The result of this was that the first 3 months of 2024 were, in all honesty, one of the most stressful times of my life. Not necessarily because the project was hard – though it was certainly demanding, albeit incredibly exciting – but because I had not allowed myself the break I needed to be ready for a completely new challenge.

The good news – if you can call it that – was the impact of these choices and decisions was very obvious to me and I knew I would never, ever let something like that happen to me again. Which is why before the most recent holidays started, I wrote to all my clients – both my private ones and Colenso’s international ones, who don’t have the same holiday duration as our local clients – telling them I was out.

Not ‘out unless you have an urgent requirement’ … but out.

Nada. Zilch. Gone.

And you know what?

No one minded. Not one.

Now, you could say that’s because they find me an absolute pain-in-the-ass to deal with, but I think – or should I say, hope – I believe it is because they respected my time and respected the efforts I’d put into their business over the past 11 months.

I get not everyone has that opportunity.
I get being able to have a break of this duration is a privilege.
But the reality is a break is the greatest investment you can make in yourself or your people.

It gives them a chance to decompress. To think. To let shit go.

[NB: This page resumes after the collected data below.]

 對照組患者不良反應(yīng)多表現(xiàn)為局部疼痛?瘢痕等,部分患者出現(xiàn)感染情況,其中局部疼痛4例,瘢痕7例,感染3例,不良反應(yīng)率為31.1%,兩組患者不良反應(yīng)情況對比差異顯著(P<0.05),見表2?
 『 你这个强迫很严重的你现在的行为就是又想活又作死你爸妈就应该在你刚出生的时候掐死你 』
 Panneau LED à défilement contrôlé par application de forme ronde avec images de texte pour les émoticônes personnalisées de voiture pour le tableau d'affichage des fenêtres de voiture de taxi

To get excited again.

Doesn’t matter if you’re a checkout operator or an old bastard, advertising strategist.

It’s why I hate how some companies treat ‘holidays’ like it’s a gift … something you can only have if it suits the organisations needs, timelines and ego.

Fuck that.

For all the talk companies say about ‘our staff being our greatest asset’, the second best demonstration of that – after being paid fairly – is valuing, encouraging and protecting their rights to a break.

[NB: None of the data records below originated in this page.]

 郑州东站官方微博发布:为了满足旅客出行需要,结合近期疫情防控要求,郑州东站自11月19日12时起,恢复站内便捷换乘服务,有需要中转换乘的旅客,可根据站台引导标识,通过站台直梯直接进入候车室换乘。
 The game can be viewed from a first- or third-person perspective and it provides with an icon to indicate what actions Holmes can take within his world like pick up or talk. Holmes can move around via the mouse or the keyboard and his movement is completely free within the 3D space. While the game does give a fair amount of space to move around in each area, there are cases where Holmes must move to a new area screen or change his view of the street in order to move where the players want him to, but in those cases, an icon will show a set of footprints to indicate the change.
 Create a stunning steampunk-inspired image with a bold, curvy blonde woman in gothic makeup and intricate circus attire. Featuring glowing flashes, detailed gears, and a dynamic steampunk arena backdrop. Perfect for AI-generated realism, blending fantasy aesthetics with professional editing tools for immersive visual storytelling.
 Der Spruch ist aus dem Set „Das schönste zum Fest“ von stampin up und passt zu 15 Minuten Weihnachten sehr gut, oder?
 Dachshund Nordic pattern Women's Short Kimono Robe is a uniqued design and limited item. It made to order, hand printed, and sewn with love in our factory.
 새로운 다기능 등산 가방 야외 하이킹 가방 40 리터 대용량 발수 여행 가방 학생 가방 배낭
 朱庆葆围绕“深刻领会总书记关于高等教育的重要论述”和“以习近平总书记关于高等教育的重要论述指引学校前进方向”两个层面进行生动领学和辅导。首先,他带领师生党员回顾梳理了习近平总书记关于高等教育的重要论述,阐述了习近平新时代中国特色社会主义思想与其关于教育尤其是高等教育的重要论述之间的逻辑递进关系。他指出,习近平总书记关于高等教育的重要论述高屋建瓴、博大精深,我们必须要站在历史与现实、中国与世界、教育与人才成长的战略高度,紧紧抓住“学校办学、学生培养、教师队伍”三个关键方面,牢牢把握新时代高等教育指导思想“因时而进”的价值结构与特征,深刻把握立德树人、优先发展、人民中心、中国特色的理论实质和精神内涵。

And by that, I mean respecting their people’s right and need to have ‘proper holidays’ rather than attempting to hide their toxicity under the guise of bullshit like unlimited holidays … which not only aren’t ever true, but are something they actively go out of their way to ensure can never be realised.

And don’t get me started on the US attitude to vacations, with their 10 days a year allowance … meaning many people can’t have any break of significance without either years of sacrifice or days of unpaid leave.

It’s why I’m eternally grateful for Colenso’s attitude to holidays.

And why I’m eternally grateful for how NZ values and protects their ‘festive season break’.

[Though one unfortunate side-effect is people often don’t take a break in the rest of the year so they can save it all up for the end of the year, which can also contribute to people feeling and experiencing burnout]

And why I’m eternally grateful to my clients for appreciating and encouraging it for me.

Of course part of the reason for their generosity is because it’s in their interests … because a holiday increases the odds great things will happen for them thanks to your renewed energy, focus and inspiration. But hey, I respect they get this because we all win from it rather one person feeling indebted to the other for having what is their god-damn given right to have.

So hello 2025 … let’s see what you’ve got in store for me.

Or should I say, look out for what I’ve got in store for you.